# Laminate Trimmer or Compact Router



## Phillym (Dec 16, 2008)

Hello,

I am interested in buying a small palm router. I have looked at the Bosch and the Dewalt DWP611. I would like to use this for mortising hinges, inlay and edge treatment for small boxes but not sure if this is the best approach. The plus of the Dewalt is the plunge base accesorry.

Does anyone have an opinion?

Thanks,


----------



## bobj3 (Jan 17, 2006)

Hi Phil

Both the Colt kit and the 611 are great routers but all you need is a light router ,take a hard look at the T4, small foot print and it will plunge in that you need for the mortising jobs plus it's 1/2 the price of the other two.

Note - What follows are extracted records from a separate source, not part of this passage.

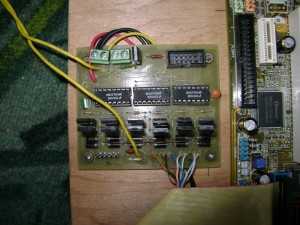 Материнка без видеокарты, она тут и не нужна. Станок управляется по сети через Radmin. Она также настроена на авто включение после того как появится питание. IDE шлейф был укорочен.
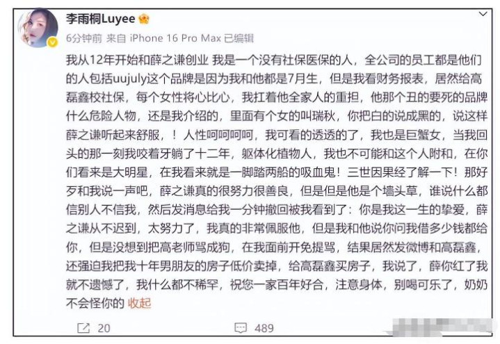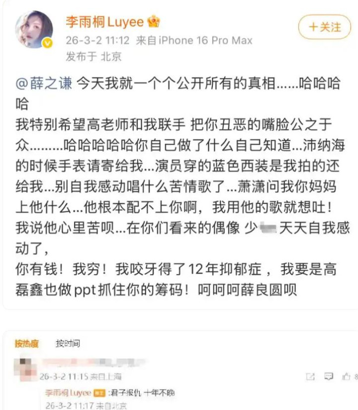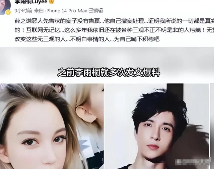 其时,李雨桐开始在酬酢平台发声,曝光了我方和薛之谦的地下恋情,以及薛之谦避讳婚配、骗取我方财帛的事情,
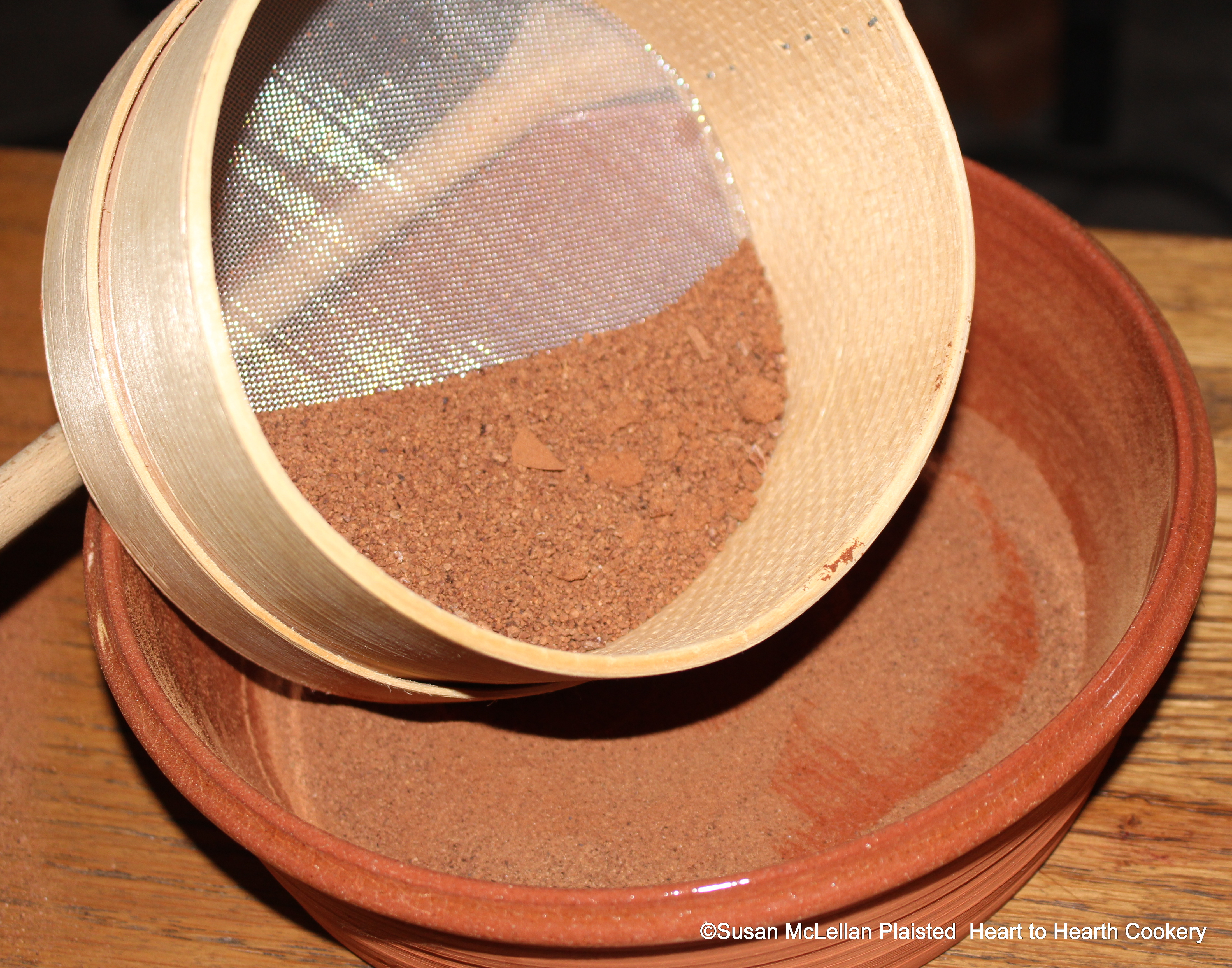 After the cacao nuts have been finely beaten in a mortar and pestle for the receipt (recipe) To make Chocolate they are searced. The process of searcing is sieving but typically the word sieve was the term for agricultural uses in the 17th and 18th century and the term searce was reserved for cooking.

Web Store Item Detail Page

===



Phillym said:


> Hello,
> 
> I am interested in buying a small palm router. I have looked at the Bosch and the Dewalt DWP611. I would like to use this for mortising hinges, inlay and edge treatment for small boxes but not sure if this is the best approach. The plus of the Dewalt is the plunge base accesorry.
> 
> ...


----------



## walowan (Jan 21, 2011)

I have a PC laminate trimmer that I use for small jobs...the only drawback is it doesnt plunge....


----------